For our next feature, we turn to someone else.
Long, long ago, when mankind still had jutting brows and hairy palms (I mean, all of us, not just some,) there were going to be a few guest posts herein, and one contributor was Jim Kramer. Jim never finished the post to his liking and I sincerely doubt he’s going to tackle this one anytime soon, so I’m featuring it here since it’s been sitting in the blog folders all this time. This is an eastern garter snake (Thamnophis sirtalis sirtalis,) despite the fact that it was taken in Kansas; it was taken in eastern Kansas, so it appears we now know where the dividing line is. In all honesty, I looked up the range of the western species and it appears to stop just west of Kansas, so I think I’m both correct and safe on this one.
The thing I like most about this image, aside from the fact that Jim also likes getting the lower portrait angles on his subjects when possible, is that the snake seems to form a dividing line between monochrome and color, much like Dorothy waking up in Oz. I’m wondering if Jim ever noticed this…
[The colors in this photo, I mean, not the bit about the Wizard of Oz – I imagine he caught that one.]
Jim went on to forward a lot of images to be featured here over the years, so he contributes, just not in writing form.

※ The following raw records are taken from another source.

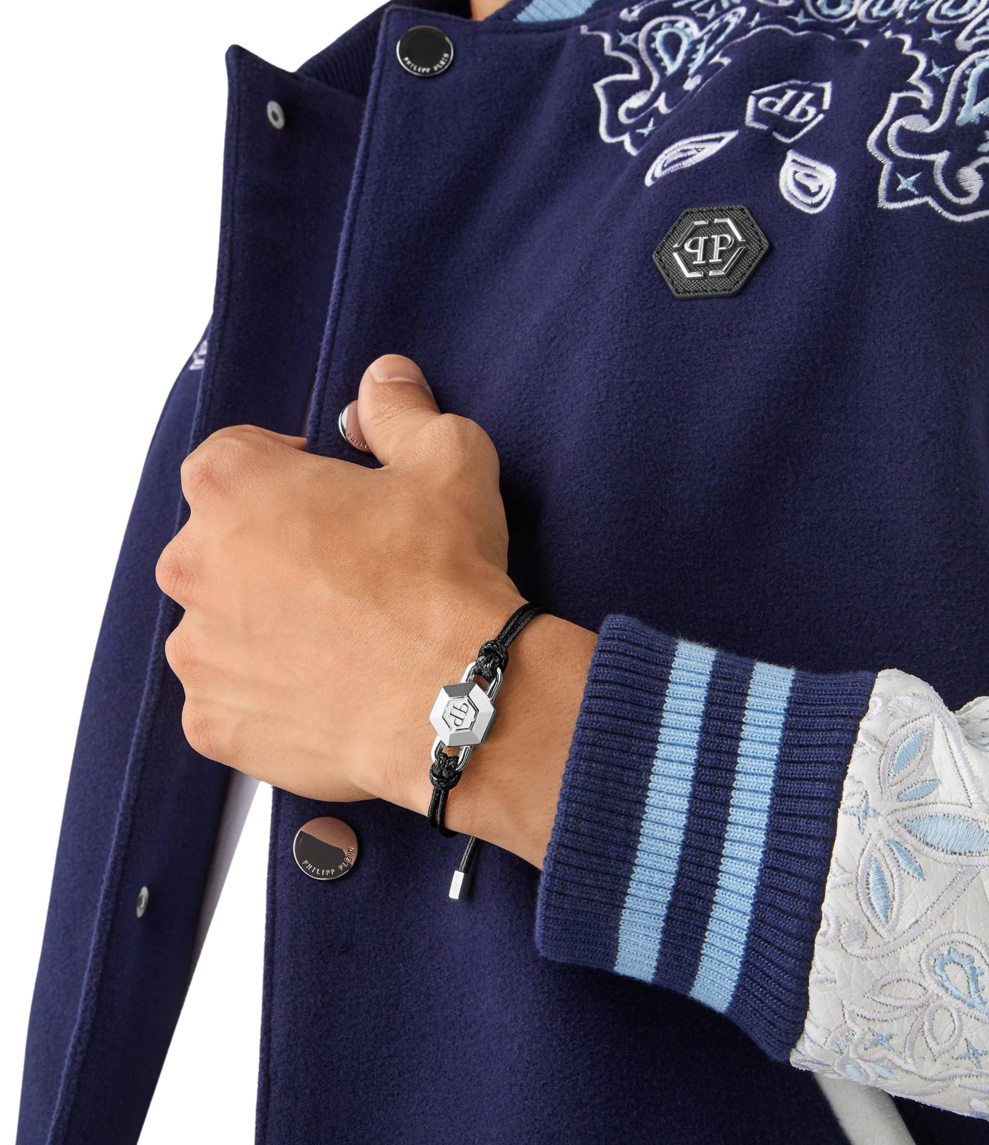 Fuerza industrial con actitud contemporánea. Esta pulsera Edge de Philipp Plein combina acero inoxidable pulido con un cordón de algodón negro trenzado, creando un contraste sofisticado entre lo robusto y lo casual. El logo grabado aporta un toque distintivo, ideal para quienes buscan un accesorio masculino con carácter y diseño de alto impacto.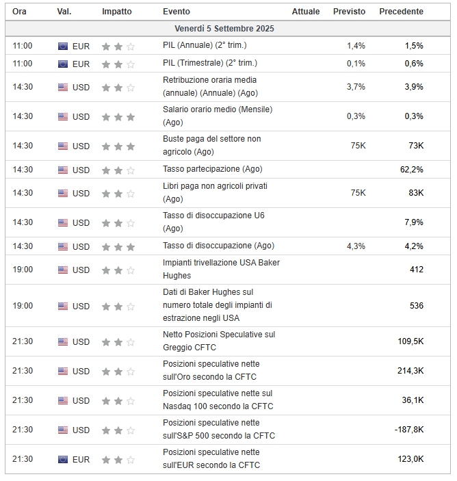 Il 4 settembre 2025, i mercati azionari principali hanno mostrato un andamento positivo trainato dalle aspettative di un taglio dei tassi d’interesse da parte della Federal Reserve. L’S&P 500 ha registrato un aumento di circa lo 0,8%, chiudendo su un massimo storico, spinto da dati sul mercato del lavoro che non hanno modificato le attese di una riduzione dei tassi. Anche il Nasdaq ha performato bene, crescendo intorno all’1%, grazie al buon andamento dei titoli tecnologici. Il Dow Jones è salito di circa lo 0,8%, mentre il Dax ha guadagnato circa lo 0,7%, superando i mercati europei grazie a dati favorevoli e aspettative di politica monetaria accomodante. Infine, lo Stoxx 50 ha chiuso in progresso di circa lo 0,5%, con ottimismo legato alle prospettive di un taglio del costo del denaro da parte della Fed e una stabilizzazione dei rendimenti obbligazionari. I mercati hanno quindi beneficiato di un clima di attesa positivo verso il prossimo report sull’occupazione negli USA.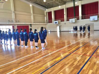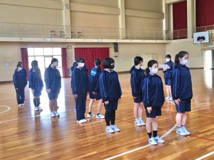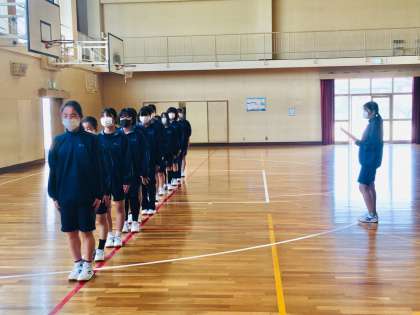 2年生女子の保健体育の授業では、集団行動の練習が行われています。体育委員の指示に従って、他の生徒は、スムーズかつ素早く立つ向きを変えたり、隊列を組んだりしています。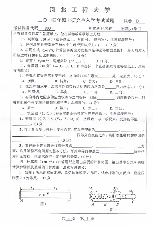 考研派 > 考研院校 > 河北 > 河北工程大學 > 考研真題 > 2014年河北工程大學材料力學Ⅱ考研試題 2014年河北工程大學材料力學Ⅱ考研試題 【考研派】為大家提供2014年河北工程大學材料力學Ⅱ考研試題,更多考研資訊請關注我們網站的更新!敬請收藏本站。 文章來源:2014年河北工程大學材料力學Ⅱ考研試題 推薦閱讀 考研真題最近更新2014年河北工程大學傳熱學Ⅰ考研試題2014年河北工程大學材料力學Ⅱ考研試題2014年河北工程大學材料力學Ⅰ考研試題2014年河北工程大學房屋建筑學考研試題2014年河北工程大學建筑綜合考研試題 相關分類 研究生院招生簡章聯系方式考研復試成績查詢研究生專業考研報錄比考研分數線專業排名參考書目研究生導師考研問題考研真題考研經驗
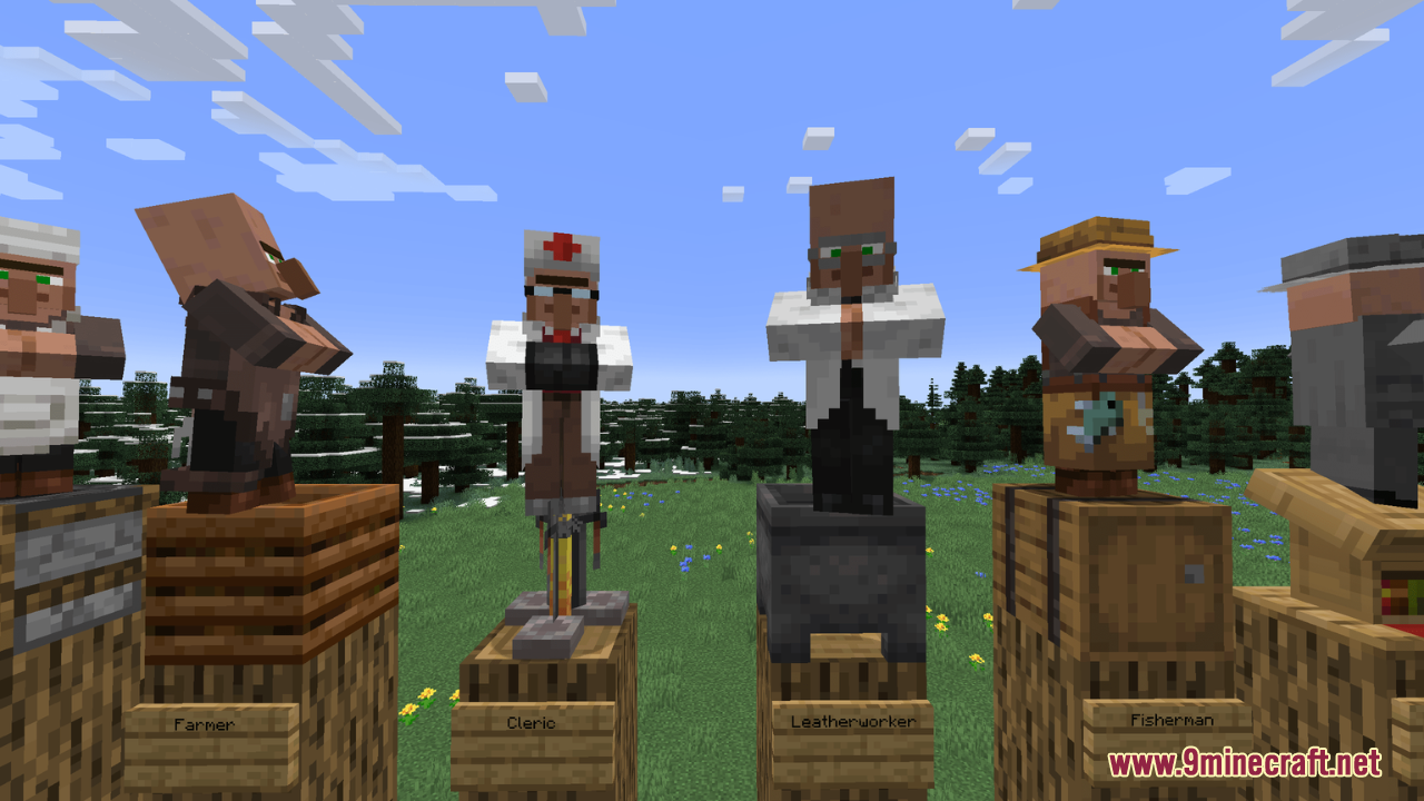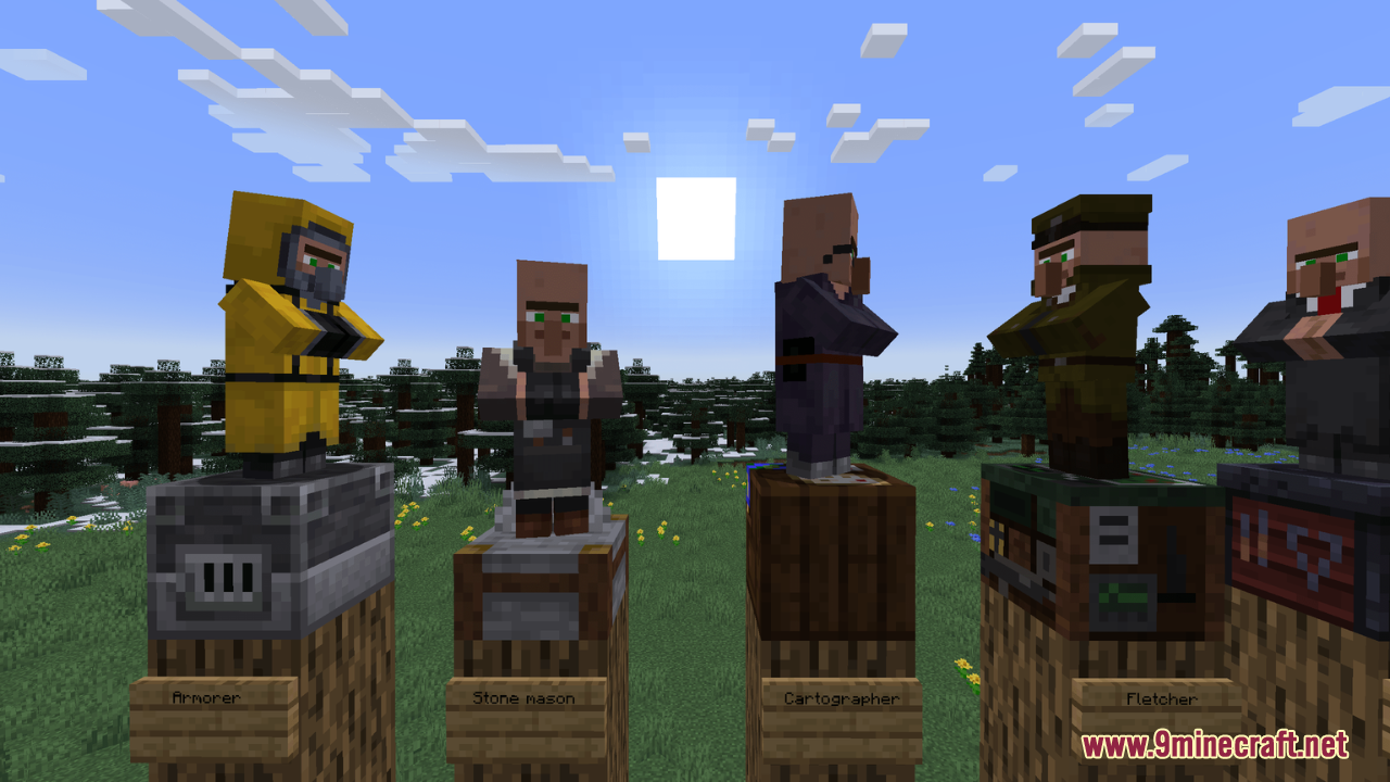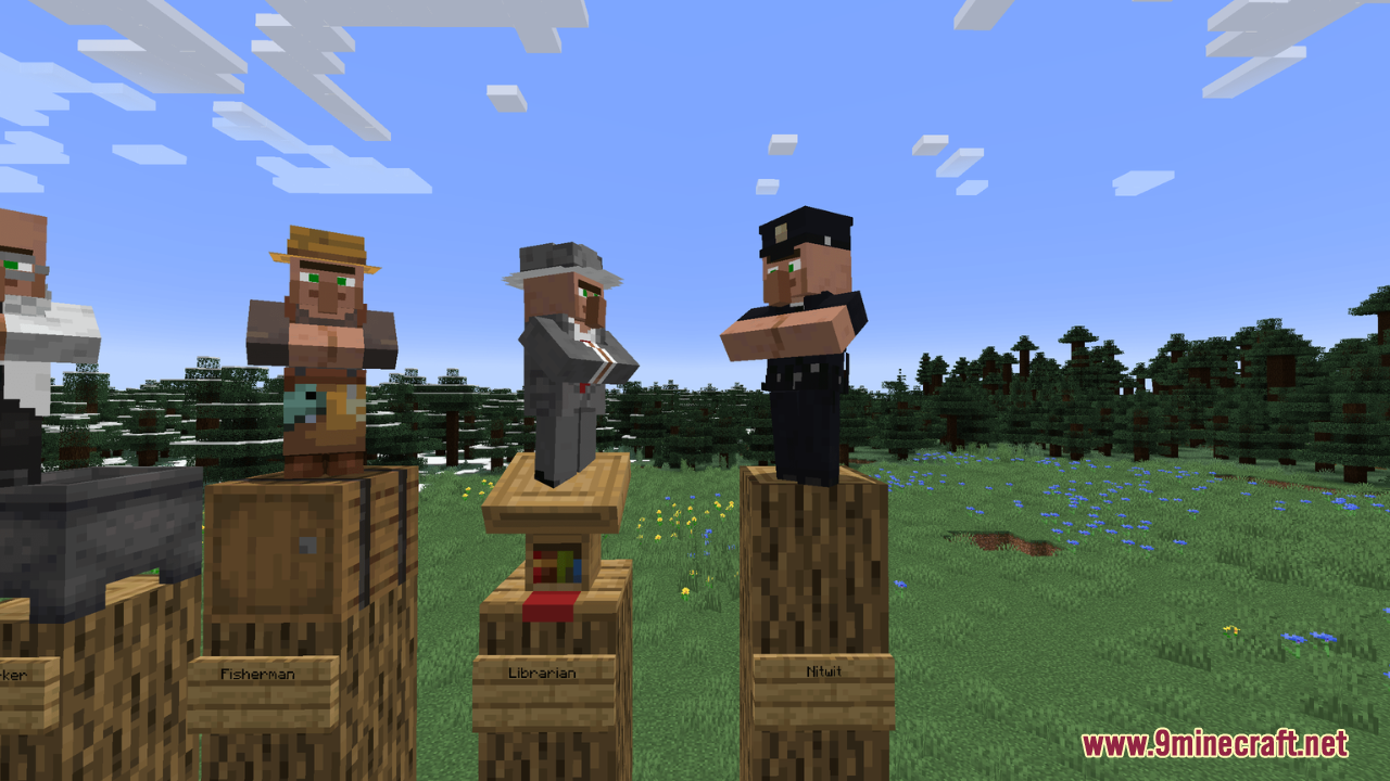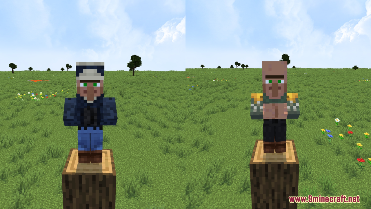 Modern Villagers Resource Pack (1.21.10, 1.20.1) simply reimagines the NPCs of Minecraft by giving your villagers, wandering traders, and associated village mobs a modern, stylish makeover – transitioning them from their classic robe-wearing look into more contemporary citizens. Because it pairs with the “Fresh Animations” ecosystem, it works best when you use it in tandem with the base animation pack or compatible mods to handle modern entity models and textures. Ideal for players who want their villages to feel more alive, modern, and visually engaging – whether you’re building cityscapes, role-playing, or simply craving a fresh look for your NPCs without altering core mechanics.
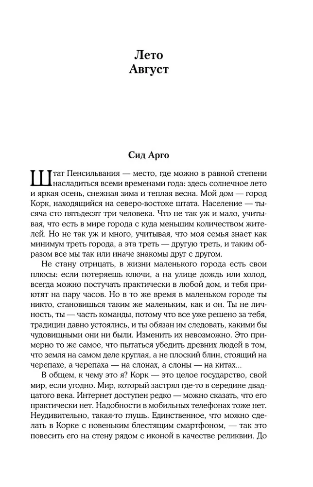 Чем дольше подавляешь боль, тем сильнее она становится. Меня зовут Сид Арго. Мой дом – город Корк, один из самых консервативных и религиозных в штате Пенсильвания. У нас есть своеобразная Библия (её называют Уставом), открыв которую, на первых ста пятидесяти страницах вы увидите свод правил, включающий обязательность молитв, служб и запреты. Запреты на всё. Нельзя громко говорить на улице. Нельзя нарушать комендантский час. Нельзя пропускать религиозные собрания. Нельзя. Нельзя. Нельзя. Ничего нельзя, кроме тайного ощущения собственной ничтожности… Но в самом конце лета в город приезжает новая семья, и что-то начинает неуловимо, но неизбежно меняться. Мое мировоззрение, мои взгляды… Все подвергается сомнению. Ты, Флоренс Вёрстайл, подвергаешь их сомнению. И почему-то я тебе верю.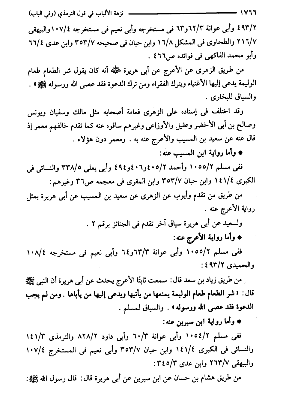 من طريق الزهرى عن الأعرج عن أبي هريرة - رضي الله عنه - أنه كان يقول شر الطعام طعام الوليمة يدعى إليها الأغنياء ويترك الفقراء ومن ترك الدعوة فقد عصى الله ورسوله - صلى الله عليه وسلم - ". والسياق للبخاري.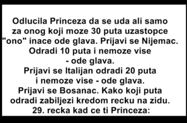 Odlučila princeza da se uda, ali samo za onog koji može 30 puta zaredom, inače ode glava. Prijavi se Nijemac, odradi 10 puta i ne može više, pa mu skinoše [ … ]
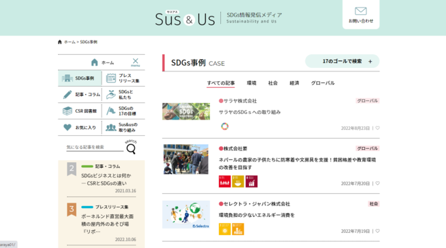 「Sus&Us-サスアス-」は、SDGsの普及促進、アイデアや取り組み事例などの情報発信、企業やNPO等への支援などを通して、持続可能な社会の実現を目指すWebサイトです。

Did you see eastern worm snake in that list above? Well, this is one, the subspecies Carphophis amoenus amoenus, which I likely just identified as the parent species in earlier posts about them (because I know I’ve featured them at least a couple of times before.) At the same time that I was shooting the eentsy little frogs in this post, I was about to step across the drainage channel when I spotted this little guy in the grass, no mean feat because he was mostly obscured and about the diameter of a pencil. I’d sized the photo then but decided not to include it in that post, and it’s been sitting here waiting on the holiday ever since.
And finally, the most recent one, the one that I could have posted on World Snake Day had I been paying more attention (i.e., been reading blogs instead of doing other productive things that day.)
Okay, seriously. This is a member of the eastern racer species, sometimes known (especially here, because c’mon) as a black racer, but Coluber constrictor is the parent species. There are several subspecies, or which this is either the northern or more likely (from the range) the southern variant, which would make it Coluber constrictor priapus. The way to tell them apart – are you ready for this? – is by the penis, or to be more specific, the hemipenis, which is not a small organ possessed by Dodge owners, but snakes instead; on the southern variant, this organ has spines, because nature has a sick sense of humor. I have to admit that, amateur naturalist that I am, I did not determine this trait at the time, and for that I am ashamed/grateful. This one in particular was courting danger, in that it was perched in plain sight in late afternoon atop a mound of pine straw, against which it blended not at all, while I was out photographing the behavior of the Cooper’s hawks in the previous post; the spot on the ground where they’d been feeding was a handful of meters away. To its credit, it was holding perfectly still as I stood nearby, and I looked at the dark object on the pine straw for a few moments wondering if someone had discarded a length of hose before I discerned the raised head staring at me rudely. I had the 150-600mm attached for the hawks, so the apparent proximity of the snake really isn’t, and I could not have gotten such a tight closeup without it. Racers are aptly named, and can move quickly when threatened.
But it’s after noon now, a little later than I’d aimed, so I will post this and let others celebrate the holiday. There are still more photos in the folder, so just sit right there and keep refreshing the page so you see the new posts the second they appear.